Les fabuleuses consoles de balcon de Montréal
Dans plusieurs quartiers de Montréal, elles font tellement partie du décor urbain, sont tellement omniprésentes, qu’on ne les remarque plus. Si on a beaucoup écrit sur ces extravagants escaliers, de même que sur les corniches et les couronnements de leur architecture résidentielle populaire, personne ne s’est attardé à répertorier, à valoriser les tout aussi extravagantes et pittoresques consoles de balcon de Montréal.
Il s’agit pourtant là d’une composante remarquable et caractéristique de plusieurs rues, ainsi qu’une manifestation exceptionnelle d’un art populaire, modeste mais appliqué, soigné et attrayant.
Dans tous les grands styles d’architectures, les consoles ont reçu une attention particulière, sont généralement élaborées, sculptées d’ornements divers : personnages, animaux stylisés, motifs végétaux ou autres. Dans la construction résidentielle, au tournant des 19e et 20 siècles, les consoles ornementées de Montréal constituent un bel et précieux exemple d’adaptation de cet élément, de cet accent visuel à un habitat populaire, à une architecture sans architecte. On retrouve ces ouvrages de menuiserie sur des résidences cossues, dans les beaux quartiers de Montréal, mais cet élément de construction est largement plus répandu et caractéristique dans les quartiers populaires, sur les façades des duplex et des triplex en bandes, dont les escaliers extérieurs commanderaient forcément des balcons.

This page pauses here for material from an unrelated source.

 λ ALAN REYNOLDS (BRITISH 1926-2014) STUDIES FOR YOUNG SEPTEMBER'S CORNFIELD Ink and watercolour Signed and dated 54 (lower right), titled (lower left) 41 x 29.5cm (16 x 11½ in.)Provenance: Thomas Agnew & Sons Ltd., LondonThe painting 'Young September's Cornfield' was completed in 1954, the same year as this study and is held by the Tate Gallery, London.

Ces composantes fonctionnelles, devenues ornementales, sont par ailleurs infiniment diversifiées, souvent très élaborées, et généralement harmonieuses, bien que parfois naïves, voire merveilleusement décadentes. Mais elles demeurent toujours parfaitement adaptées à la fonction et à la composition des façades où elles se retrouvent.

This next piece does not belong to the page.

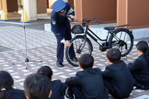 3・4年生が、自転車に乗る前の点検方法やヘルメット着用の大切さ、歩道や道路での正しい走行のしかたについて、講話と実技を通して学びました。子供たちは交通ルールを意識し、安全に走行しようとする姿が見られました。

Face à la diversité des modèles, il apparait que ces assemblages n’étaient généralement pas produits par de grandes entreprises, mais étaient laissés à l’initiative de l’artisan ou d’un petit atelier de quartier. Enfin, on peut facilement constater que cet accent visuel avait un but secondaire : témoigner de la fierté du propriétaire, du constructeur, du menuisier.
Il est heureux de voir que beaucoup de propriétaires prennent la peine de restaurer ce précieux patrimoine, de l’entretenir. On constate même que nombreux sont ceux qui le mettent en valeur par un choix judicieux de couleur, parfois une polychromie pouvant aller d’une digne retenue à une exubérante intrusion dans l’art naïf.
Si beaucoup de consoles ont été préservées, parfois reconstruites à l’identique lorsque c’était nécessaire, on doit déplorer que de très nombreux balcons ont perdu tout leur charme, leurs supports d’origine ayant été remplacés par de grossières équerres en acier. Bien mauvais calcul, puisque l’on constate aujourd’hui que les résidences des quartiers populaires qui ont conservé intégralement leur caractère originel sont maintenant très valorisées, recherchées, et ont acquis une plus-value. À l’opposé, sont grandement dévaluées celles où, pour simplifier, on a remplacé les couronnements et les corniches par un déclin de vinyle, les balustrades en fer ornemental par de piteuses rambardes préfabriquées en aluminium, voire en vinyle, et les riches consoles par d’indigents supports en cornières d’acier industrielles.
On peut également déplorer qu’un grand nombre de ces précieux ornements soient en très mauvais état, en grand manque d’entretien et deviennent bientôt, en partie, une espèce en voie d’extinction.
Enfin, si on peut retrouver des consoles ornementales dans d’autres villes et villages du Québec, ou ailleurs dans le monde, elles ne sont jamais aussi omniprésentes, aussi remarquables qu’à Montréal.
Bonne balade dans les quartiers de Montréal, enrichis de cet art populaire, de cet autre art de la rue. Bonne découvertes et, éventuellement, bon safari photo.